Je continue à explorer mes livres. J’en ouvre un encore, à l’aventure, et je lis ceci :
« Le soleil, à travers les branches, versait sous bois une averse d’or rouge. Par moments on voyait le haut des collines tout empourpré. La forêt anxieuse sentait mourir en elle le soleil et la vie. Des millions de touffes d’herbe agitaient vers lui leurs bras souples. Les gros oiseaux s’effaraient. Déjà les merles, avec un air de peur fanfaronne, avaient glissé à mi-hauteur des baliveaux vers les parties les plus fourrées du bois. Les dernières grives s’agitaient en criant à la pointe des chênes. C’était l’heure des chants menus qui décroissent. Les bouvreuils qui voyagent en mars, les pinsons, les verdiers qui ont jeûné l’hiver, sifflaient mais sans changer leur chanson du jour, avec la confiance que demain serait bon, serait meilleur encore… Ils se turent : le soleil était descendu au-dessous de l’horizon. Alors les derniers oiseaux dirent leur adieu au jour. Ce furent les rouges-gorges, puis les mésanges, toute la tribu des fouilleuses de lichens, des exploratrices d’écorces, petits paquets de plumes grises qui ne prennent point de repos tant qu’il y a de la lumière et dont le cri aigu achève la chanson des bêtes diurnes… »

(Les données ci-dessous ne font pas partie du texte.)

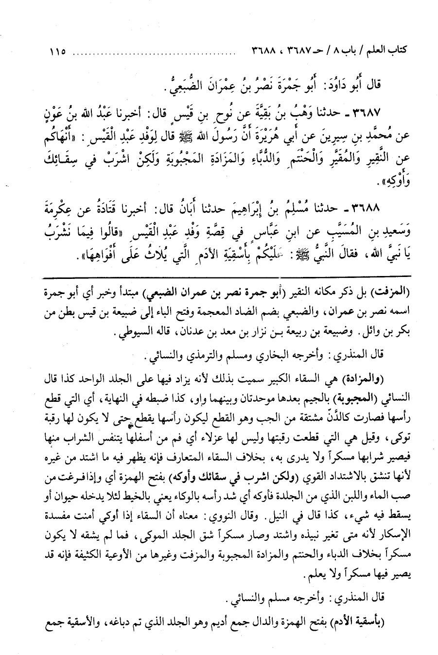 (الْمُزَفَّتَ) بَلْ ذَكَرَ مَكَانَهُ النَّقِيرَ (أَبُو جَمْرَةَ نَصْرُ بْنُ عِمْرَانَ الضُّبَعِيُّ) مُبْتَدَأٌ وَخَبَرٌ أَيْ أَبُو جَمْرَةَ اسْمُهُ نَصْرُ بْنُ عِمْرَانَ وَالضُّبَعِيُّ بِضَمِّ الضَّادِ الْمُعْجَمَةِ وَفَتْحِ الْبَاءِ إِلَى ضُبَيْعَةَ بْنِ قَيْسٍ بَطْنٍ مِنْ بَكْرِ بْنِ وَائِلٍ

Le jour se meurt de plus en plus sur la forêt et je lis encore :
« Il faisait très froid ; le vent avait déjà bu sur les branches la tiédeur amassée pendant le jour. Il rebroussait les brindilles, courbait les gaulis et leur arrachait une plainte monotone comme celle des vies pauvres. L’odeur des feuilles mortes montait plus vive dans l’ombre. Au-dessus des branches, les hauteurs du ciel étaient pâles et des étoiles commençaient à poindre. »
En savourant ces lignes, mon être à jamais sylvestre tressaille de nostalgie, je revois ma chère forêt de Fontainebleau, loin de laquelle je ne cesse de me sentir en exil. Et je remercie l’écrivain qui me valut d’y revivre par le souvenir.

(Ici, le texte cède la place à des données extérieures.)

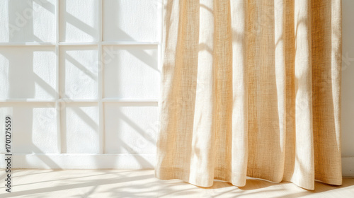 Soft curtain swaying in sunlight, casting gentle shadows on white wall

C’est M. René Bazin. Et le livre relu, c’est le Blé qui lève, œuvre que l’arome de la Terre maternelle imprègne d’un grand souffle vivifiant[19].
[19] Le Blé qui lève, 1 volume chez Calmann-Lévy, éditeur.

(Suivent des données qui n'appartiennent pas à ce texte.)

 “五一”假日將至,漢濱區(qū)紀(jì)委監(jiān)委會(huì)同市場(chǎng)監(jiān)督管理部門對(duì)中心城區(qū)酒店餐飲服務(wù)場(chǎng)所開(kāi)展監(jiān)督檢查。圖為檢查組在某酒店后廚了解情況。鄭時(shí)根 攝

Je ne vais pas feindre de vous révéler René Bazin. De niais matérialistes le déprécient parce qu’il est chrétien. Mais quiconque joint l’amour de la nature à l’amour de Dieu goûte son art nuancé, contenu qui ne vocifère ni ne se plaît aux peinturlurages violents. Cette réserve ne l’empêche pas de restituer avec véracité les drames de passion qui agitent l’âme des simples. Rappelez-vous : Donatienne, la Terre qui meurt, l’Isolée. Ce sont des livres substantiels, d’une observation très exacte et qui n’exclut point la poésie.
Je m’attache surtout au Blé qui lève à cause d’une figure de rural : Gilbert Cloquet qui synthétise on ne peut mieux les caractéristiques de l’âme paysanne à notre époque. Tour à tour cultivateur et bûcheron, foncièrement honnête, il a souffert durement par sa femme et par sa fille ; et la douleur l’affina. Comme les sources du sentiment religieux se sont presque taries en lui, cette déviation de l’esprit d’équité qu’on nomme le socialisme le conquit et l’inclina quelque temps vers la haine et la révolte. Puis la sottise et la cruauté des syndiqués qu’il recruta le dégoûtèrent ; il se trouva tout à fait seul dans l’existence jusqu’au jour où, sur la proposition bénévole d’un boucher catholique, par hasard rencontré, il se décide à faire une retraite dans une maison de mission pour ouvriers et paysans. Là, comme il est tout saignant des blessures que lui infligea l’existence et comme il a soif de consolations, il ressuscite à la foi.